Ryan Habermeyer is the author of the short story collections Salt Folk (Cornerstone, 2024) and The Science of Lost Futures (BoA, 2018). His stories and essays have appeared in Conjunctions, Alaska Quarterly Review, Copper Nickel, Massachusetts Review, Puerto del Sol, Cincinnati Review, Blackbird, Cimarron Review, Fairy Tale Review, and others. He is Associate Professor of Creative Writing at Salisbury University. Find him at ryanhabermeyer.com.

Khaled Mattawa is the William Wilhartz Professor of English Language and Literature at the University of Michigan. His latest book of poems is Fugitive Atlas (Graywolf, 2020). A MacArthur Fellow, he is the current editor of Michigan Quarterly Review.

John McCarthy is the author of Scared Violent like Horses (Milkweed Editions, 2019), which won the Jake Adam York Prize. He is a former winner of The Pinch Literary Award in Poetry, and his work has appeared in Alaska Quarterly Review, Best New Poets 2015, Cincinnati Review, Gettysburg Review, Ninth Letter, Pleiades, and TriQuarterly.
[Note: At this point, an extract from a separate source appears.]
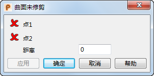 - 单击“曲面”选项卡 >“制造”面板 >“工具”>“未修剪”以显示“曲面未修剪”对话框:

John received his MFA from Southern Illinois University Carbondale, and he is currently a Managing Editor of RHINO.

Stephanie Niu is a poet and interdisciplinary scholar from Marietta, Georgia. She is the author of Survived By, winner of the 2023 Host Publications Chapbook Prize, and She Has Dreamt Again of Water, winner of the 2021 Diode Chapbook Contest. Her poems have appeared in The Offing, Missouri Review, Copper Nickel, Georgia Review, and elsewhere. She is currently completing a Fulbright scholarship on immigration and labor history on Christmas Island in the Indian Ocean.
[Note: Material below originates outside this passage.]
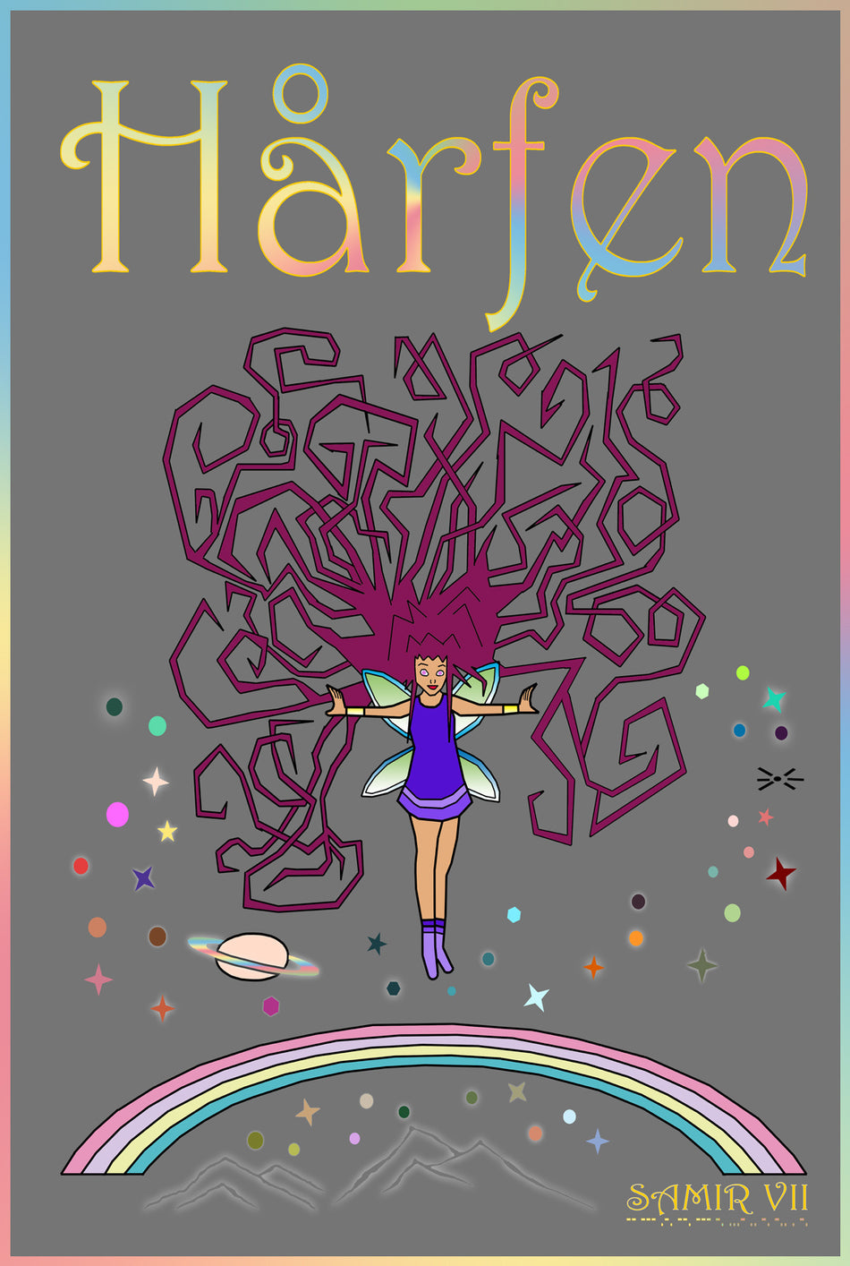 Nu är det dags att lära känna Hårfen. Du kanske har hört talas om tandfen, jultomten och påskharen, men vet du vem hårfen är? Det visste inte Anna-Maria innan hennes farfar läste ur den gamla sagoboken om hårfen Raya som sprider regnbågsglitter över barnen när de sover. Anna-Maria är tio år och farfar är på besök. När han ska åka tillbaka till Egypten där han bor ger han Anna-Maria en gåva – ett par magiska glasögon. Anna-Maria tycker att hon börjar bli för gammal för att tro på sagor, feer och magiska saker, men farfar bara skrattar och säger att hon ska vänta och se vad som händer. En natt, då Anna-Maria tar på sig de hundraåriga glasögonen, ser hon hur en liten fe flyger runt i hennes rum. Det är hårfen Raya som är på besök och hon behöver Anna-Marias hjälp och det är bråttom. I den magiska världen härjar Krusbärstrollet. Han suddar bort de magiska varelserna från sagorna så att deras trovärdighet försvinner. Snart är det ingen som tror på hårfen, tandfen, påskharen eller ens jultomten längre. Anna-Maria följer med Raya genom den magiska portalen för att stoppa Krusbärstrollet. Men för att lyckas krävs samarbete, laganda och tålamod – något som inte alltid är så lätt. Har hårfen Raya och henens magiska vänner det som krävs och kan Anna-Maria hjälpa dem innan det är för sent? I Hårfen får du lära känna Raya och de andra magiska varelserna i Himmelsbron.

Adrian T. Quintanar is a poet from Pomona, California who earned an MFA from the Institute of American Indian Arts and serves as the Managing Editor of Chapter House Journal. Adrian’s poems previously appeared in Denver Quarterly, Anacapa Review, Kweli Journal, and elsewhere.

Saadi Youssef (1934-2021) is considered one of the most important contemporary poets in the Arab world. He was born near Basra, Iraq. Following his experience as a political prisoner in Iraq, he has spent most of his life in exile, working as a teacher and literary journalist throughout North Africa and the Middle East. He is the author of over forty books of poetry. Youssef has also published two novels and a book of short stories, and several books of essay and memoir. Youssef, who spent the last two decades of his life in London, was a leading translator to Arabic of works by Walt Whitman, Ngugi wa Thiongo, Federico Garcia Lorca, among many others.